La mostra presenta 80 opere dell’artista realizzate nel corso di oltre trent’anni di carriera, allestite in un percorso che privilegia le relazioni delle opere con lo spazio e con i sentimenti rispetto alla paralizzante classificazione cronologica o tematica. Carroll considerava infatti i suoi lavori presenze fisiche che abitano gli spazi e che incontrano l’osservatore, entrandoci in dialogo. Ogni sua realizzazione mantiene per questo la stessa imperfezione dell’essere umano e, usando le sue stesse parole, un necessario “ancoraggio al mondo”.
“Lawrence Carroll ha un ruolo eminente nella storia dell’arte americana per avere mostrato orizzonti e aperture oltre l’impasse dei dogmatismi teorici che avevano sostenuto gli impianti di modernismo e postmodernismo fino alla metà degli anni Ottanta – dice Gianfranco Maraniello, curatore della mostra –. Realizzare oggi una mostra di Lawrence Carroll significa restare fedeli alla sua inquietudine, corrispondere alla vitalità di opere che continuano a cercare il loro luogo dove vivere interrogando le incessanti possibilità della pittura.”

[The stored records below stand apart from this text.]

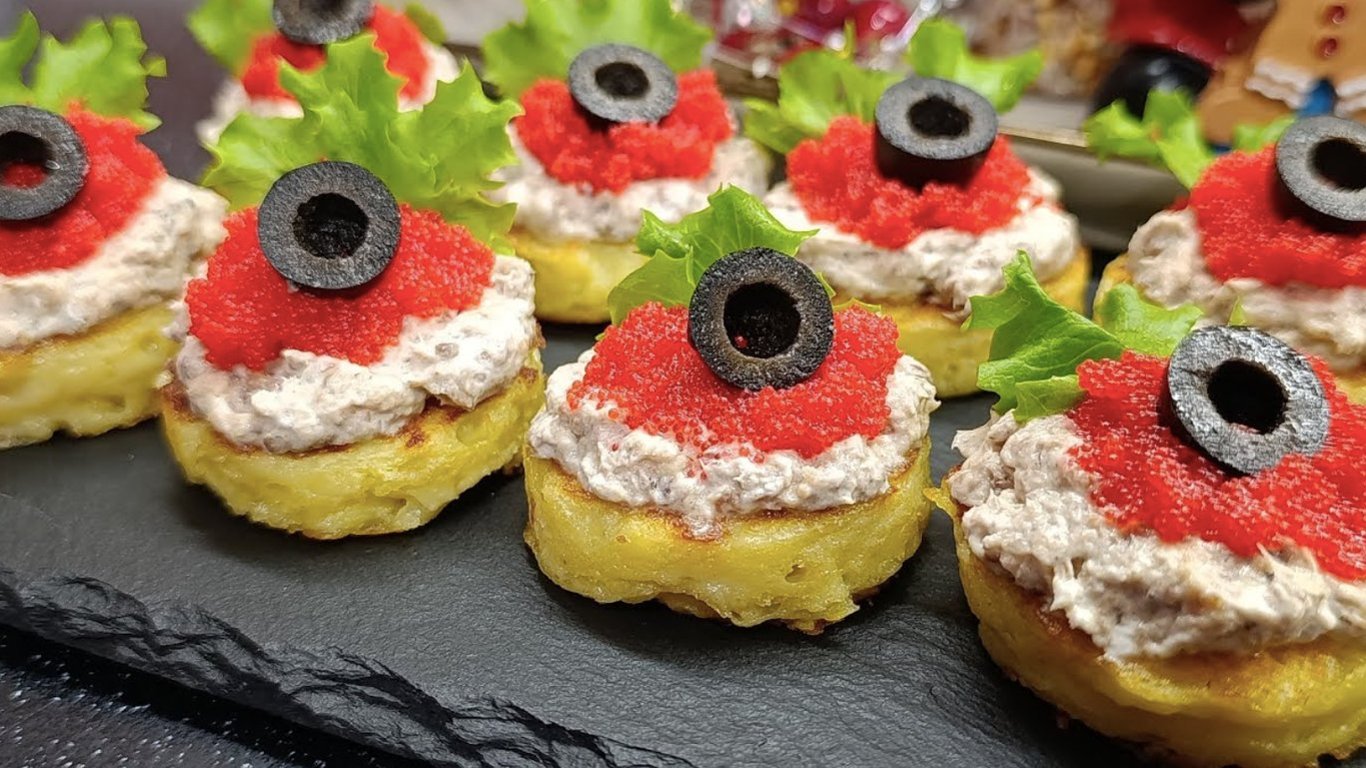 Міні-деруни з сардинами та крем-сиром — це святкова закуска, яка виглядає ефектно і готується просто. З золотистою скоринкою, прикрашені ікрою та оливками, вони стануть прикрасою будь-якого столу.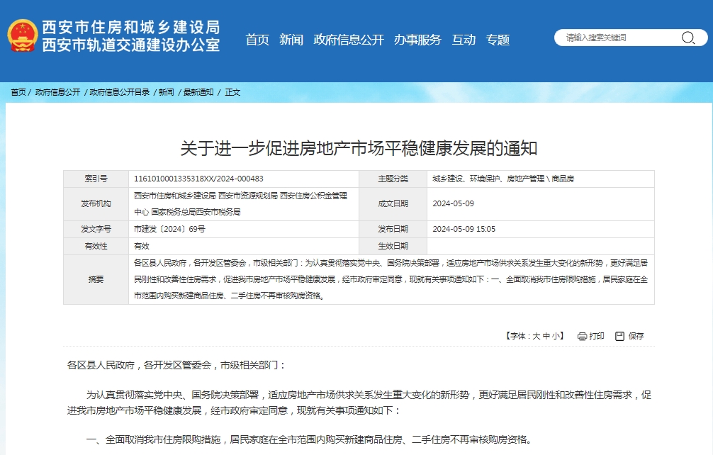 同样在9日,西安市住房和城乡建设局等4部门联合发布《关于进一步促进房地产市场平稳健康发展的通知》,共计10条措施来促进房地产市场平稳健康发展。西安新政明确指出:“全面取消我市住房限购措施,居民家庭在全市范围内购买新建商品住房、二手住房不再审核购房资格。”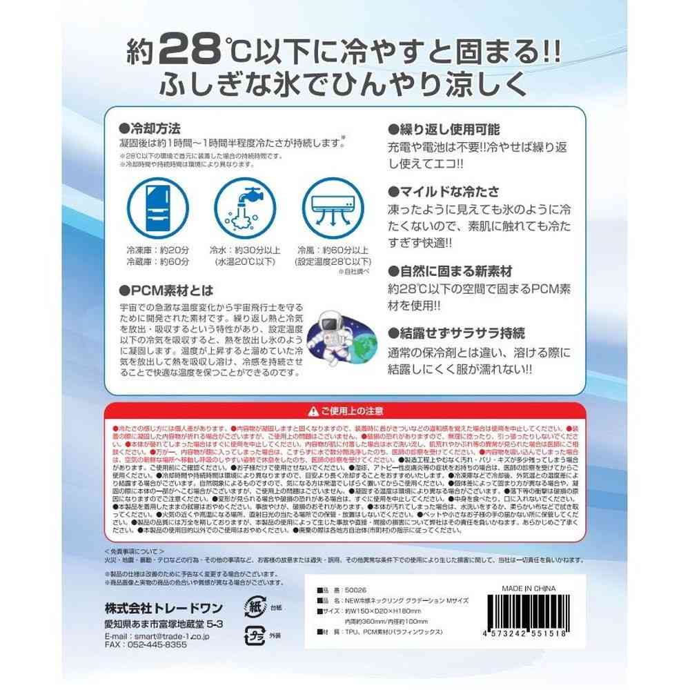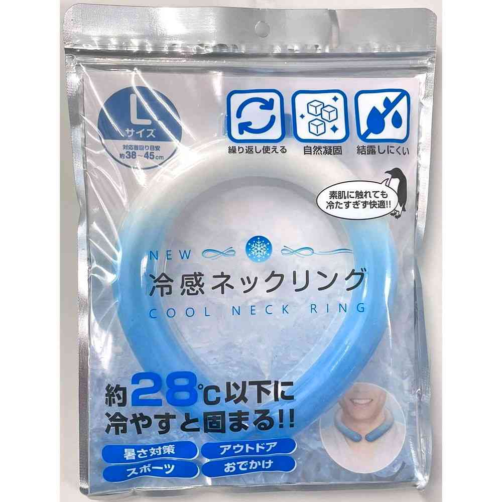 繰り返し熱と冷気を放出・吸収するという特殊な素材で冷感力長持ちのネッククールリング! Lサイズは首回り約38~45cmに対応しています。 男女兼用です。 おウチ、アウトドア、就寝時、通勤時、スポーツ等…様々なシーンの暑さ対策に繰り返し使えます。 充電や電池は不要!冷やせば繰り返し使えてエコです。 【マイルドな冷たさ】凝固後は1時間ほど冷却力が持続します。凍ったように見えても氷のように冷たすぎないので素肌に触れても快適です。 【自然に固まる新素材】約28度以下の空間で固まるPMC素材を使用。繰り返し熱と冷気を放出・吸収するという特性を持ち、冷感を持続させる事が可能で快適な温度を保ちます。 【結露せずさらさら持続】通常の保冷剤とは違い、溶ける際に結露しにくいので服が濡れません。 ●冷却方法:凝固後は約1時間~1時間半程度冷たさが持続します。(自社調べ) ※28℃以下の環境で首元に装着した場合の持続時間です。 ※冷却時間や持続時間は環境により異なります。冷凍庫:約20分、冷蔵庫:約60分、冷水:約30分以上(水温20℃以下)、冷風:約60分以上(設定温度28℃以下)

Nelle opere di Carroll sono presenti temi e maniere della pittura contemporanea negli Stati Uniti, da Jasper Johns a Robert Ryman, da Ad Reinhardt a Robert Rauschenberg, come della scultura di Donald Judd e Carl André; partendo dalla progressiva cancellazione di immagini preesistenti, Carroll arriva a stesure di colore bianco simili alla tela stessa. La superficie del quadro si rivela così non solo un campo stratificato di pigmento, ma anche un modo per osservare il potenziale infinito di dipingere.
Nei suoi quadri Carroll ha continuato a interrogare gli strumenti dell’arte, tagliando e ricombinando porzioni di tela dove le cuciture sembrano disegni o ferite, innestando oggetti organici o inorganici dando luogo a sorprendenti volumetrie, attuando una costante ridefinizione della pittura. Attraverso le sue opere l’artista propone un’incessante interrogazione su quale sia la sua posizione nei confronti della realtà, della sua solitudine di fronte al mondo, del mondo da lui creato.
Tra i suoi lavori più recenti si annovera una serie di fotografie esposte precedentemente soltanto in occasione di una mostra presso la Fondazione Rolla, oltre ad alcuni disegni inediti.
La mostra è realizzata in collaborazione con Lucy Jones Carroll per l’Archivio Lawrence Carroll, che dichiara “Che questa prima e importante retrospettiva dell’opera di Lawrence sia ospitata dal museo Madre di Napoli, un luogo così vicino al suo cuore, è un sogno! È stata una gioia scoprire sala per sala la mostra curata da Gianfranco Maraniello. Voglio ringraziare in particolare lui, Angela Tecce, Kathryn Weir, il museo e tutti coloro che hanno sostenuto questo progetto, ho apprezzato davvero molto questa collaborazione”.